Updated: Sep 7, 2024

'Dicere quae puduit, scribere iussit amor'

What modesty forbade me to say, love has commanded me to write...


Ovid's Heroides is, among many other things, an unprecedented gem of ancient literature. Rather than the epic tales of (male) heroes and their wars, this series of poetic letters devotes its entire attention to the correspondences and internal, private deliberations of mythology's heroines: their loves, complaints, and laments.

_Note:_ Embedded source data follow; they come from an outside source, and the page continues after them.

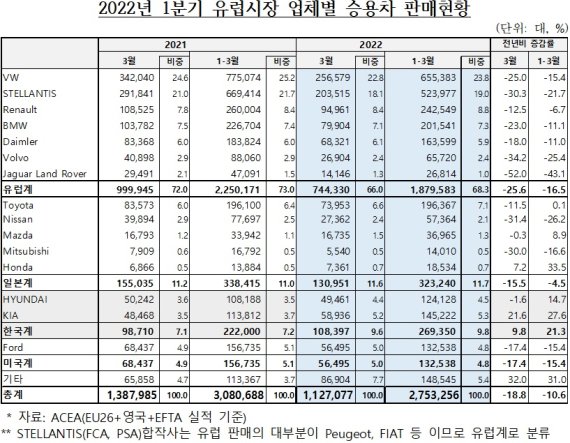 유럽시장의 경우 반도체 공급난과 우크라이나 사태까지 겹치면서 부품 공급난 등으로 이어지며 자동차 판매가 급감했지만 국산브랜드는 21.3% 증가했다.
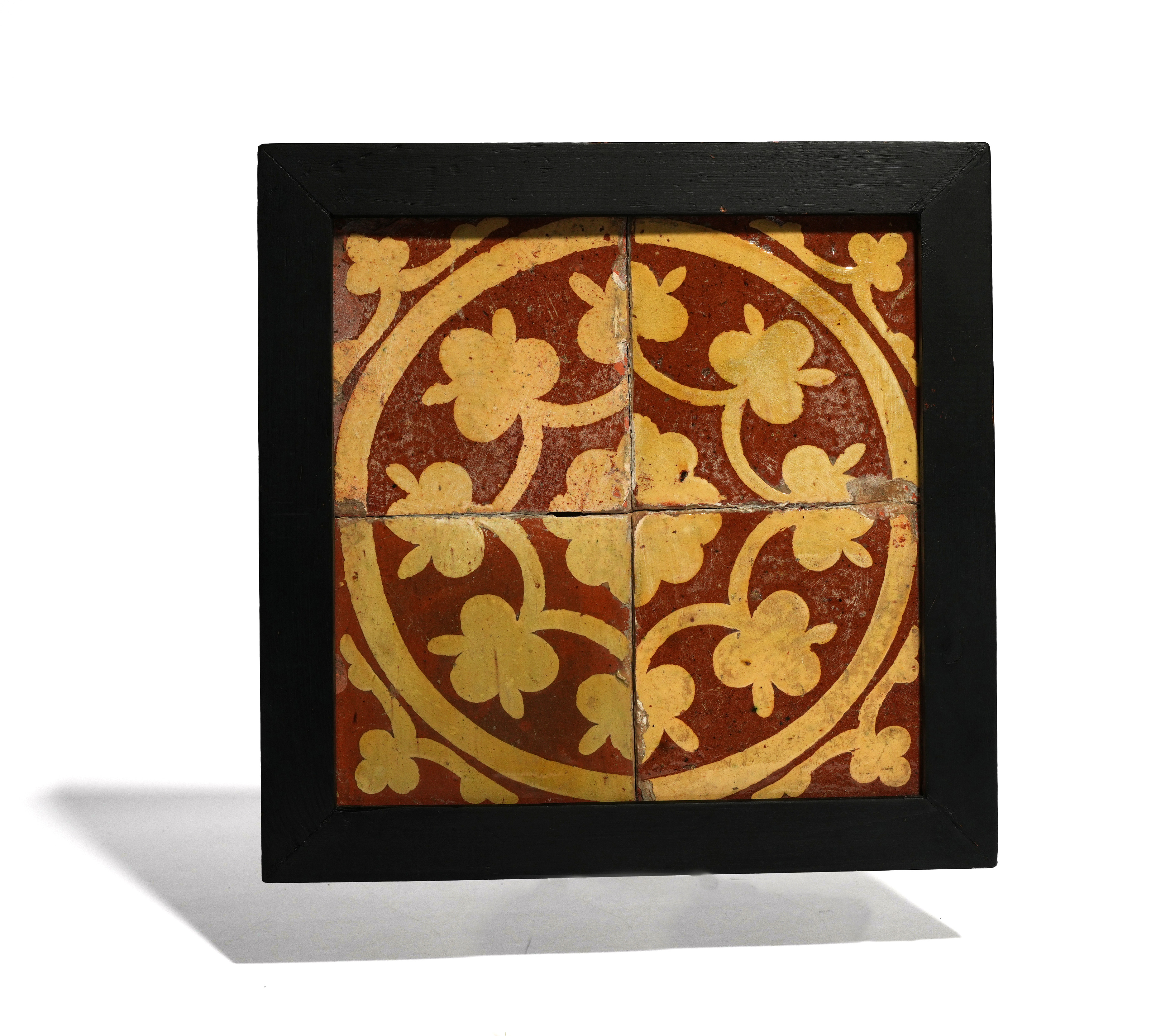 A panel of four medieval encaustic tiles, 15th century, decorated in cream slip to form a circular
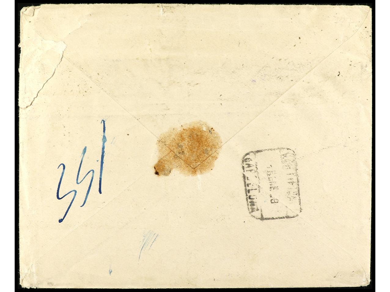 ESPAÑA. 1928. ANTEQUERA a BARCELONA. 1 pta. gris SIN DENTAR y 2 cts. oliva, tira de tres. Carta certificada, raro franqueo en carta, al dorso llegada. Ed.321s, 310 (3). (Image1) (Image2)
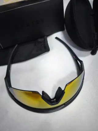 Gafas de ciclismo Oakley con lentes amarillas. - Incluye funda rígida y bolsa protectora. - Diseño deportivo y moderno. - Marca: Oakley.
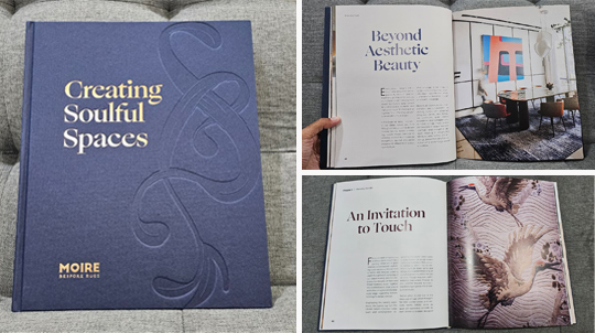 Pada kesempatan yang sama, MOIRE Bespoke Rugs juga meluncurkan buku “Moire Rugs: Creating Soulful Spaces”, yang mendokumentasikan perjalanan 12 tahun brand ini melalui rangkaian kolaborasi kreatif Floor Fairy Tales. Momen pembukaan ini sekaligus menjadi perkenalan koleksi terbaru MOIRE Bespoke Rugs untuk tahun 2026, hasil kolaborasi bersama Roland Adam, Agam Riadi (Agam Riadi Interiors), Anita Boentarman, Gondojules (Brian Gondokusumo & Julia Lestari), DMDIO (Santi Alaysius & Hamphrey Tedja), dan Rumanara Studio (Dwi Andika). Setiap kolaborator menghadirkan interpretasi yang berbeda, namun saling terhubung dalam eksplorasi desain yang matang. Mewakili DMDIO, Santi Alaysius menyampaikan, “Bagi DMDIO ini adalah kolaborasi kedua dan senang menjadi saksi akan berkembangnya jenama ini menjadi lebih profesional dan semakin solid produksinya sehingga kolaborasi untuk kali ini begitu menyenangkan. Kami sendiri secara desainer memilih untuk menjadi lebih dewasa dalam eksplorasi desain kami.”
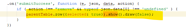 draw()orajax.reload()as part of the updated process. You can pass in a paging parameter to both API's to control staying on the same page. Pass infalseas the first aprameter todraw()or the second parameter toajax.reload().If this doesn't help then at a minimum post the to being used to update the row. Better is a link to a test case showing the issue so we can help debug.
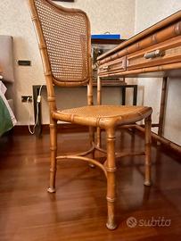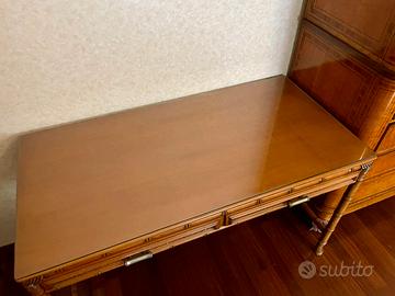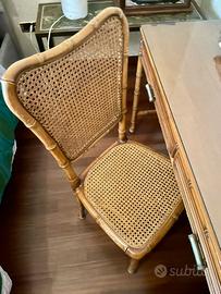 Scrivania in legno e rattan con ripiano in vetro + seduta legno e rattan, dimensioni: larghezza 1,25 m x h 0,78 cm x profonditá 0,62 cm.
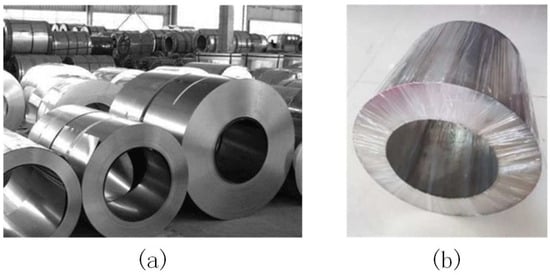 Steel coil image samples (a) Field sample (b) Experimental sample.
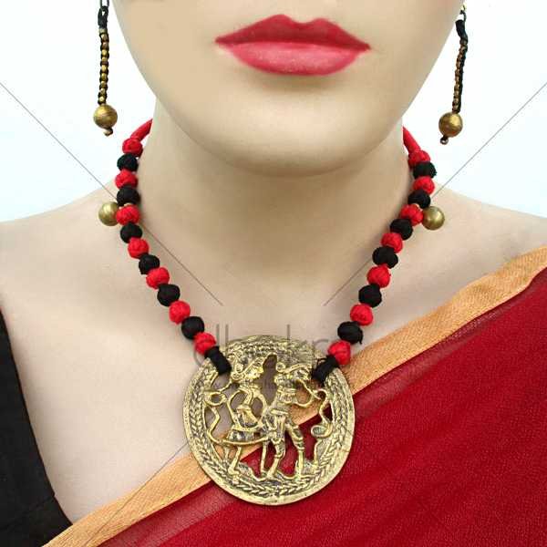Eye-Catching Pendant: Bold Dhokra locket as the centerpiece, making a strong fashion statement.
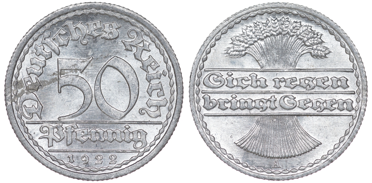 Германия 50 пфеннигов 1922 A KM 27, J. 301 алюминий aUNC 4114-945
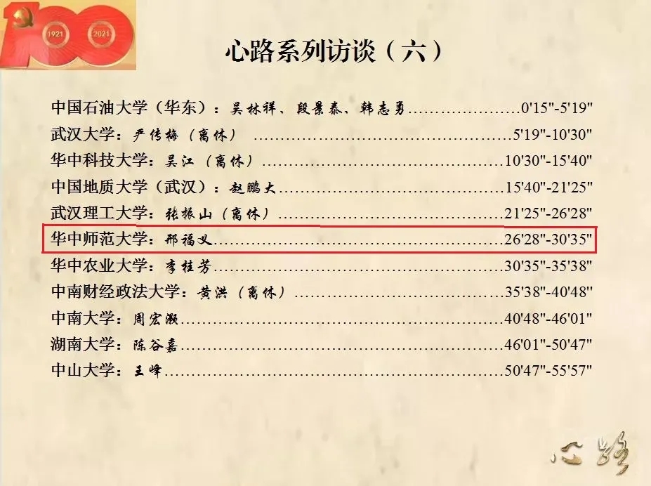 为庆祝中国共产党成立100周年,教育部离退休干部局面向部直属系统老同志开展了“与党同呼吸、共命运”文章视频征集活动。我校资深教授邢福义老师的育人治学视频被选中编入第六集,并在教育部老干部之家官方公众号展示。此次活动部机关拍摄个人访谈视频16个,63所直属高校报送个人访谈视频65个,1个直属单位报送访谈视频1个。82个完整版访谈视频现已剪辑制作成《心路——教育部直属系统老同志庆祝中国共产党成立100周年系列访谈》 (一至七) 7集。

Throughout the course of twenty-one love letters, ranging from patient Penelope to unfortunate Dido, from the sorceress Medea to the lesser-known Laodamia, from the (actually historical) Lesbian poetess, Sappho, to the proto-Romeo & Juliet duo: Hero and Leander, the reader gets to enjoy the Other side of the narrative: the women at home either worrying for their partners or, as is just deserts, judiciously berating them for their tardiness and mistreatment.


a woman reclining and looking out at the sea

Both comic and moving, heart-breaking and (satisfyingly) vindictive, the Heroides is replete with a colourful array of individuals. Of course, Ovid is merely making-up such "lost letters", but, rather than being some poor fanfic, the heroine letters are inspiring and immensely imaginative in their construction of scene and emotion. One would not be surprised were Penelope to have written such a letter to Odysseus: 'Just remember, I was a young girl when you left;/if you came at once you would find an old woman.', or Briseis to Achilles: 'But your deeds have already [killed me] ... I will join my family,/my brothers and husband, and I will leave you/with the shame that you left me to die.'


The letters do not form a needless addition to the traditional heroic stories, but allow for their gratifying completion. Despite the non-reality of the letters, they do feel real; they resonate.


The Heroides, not nearly as famous as his Metamorphoses or Amores, is nonetheless Ovid at the height of his craft.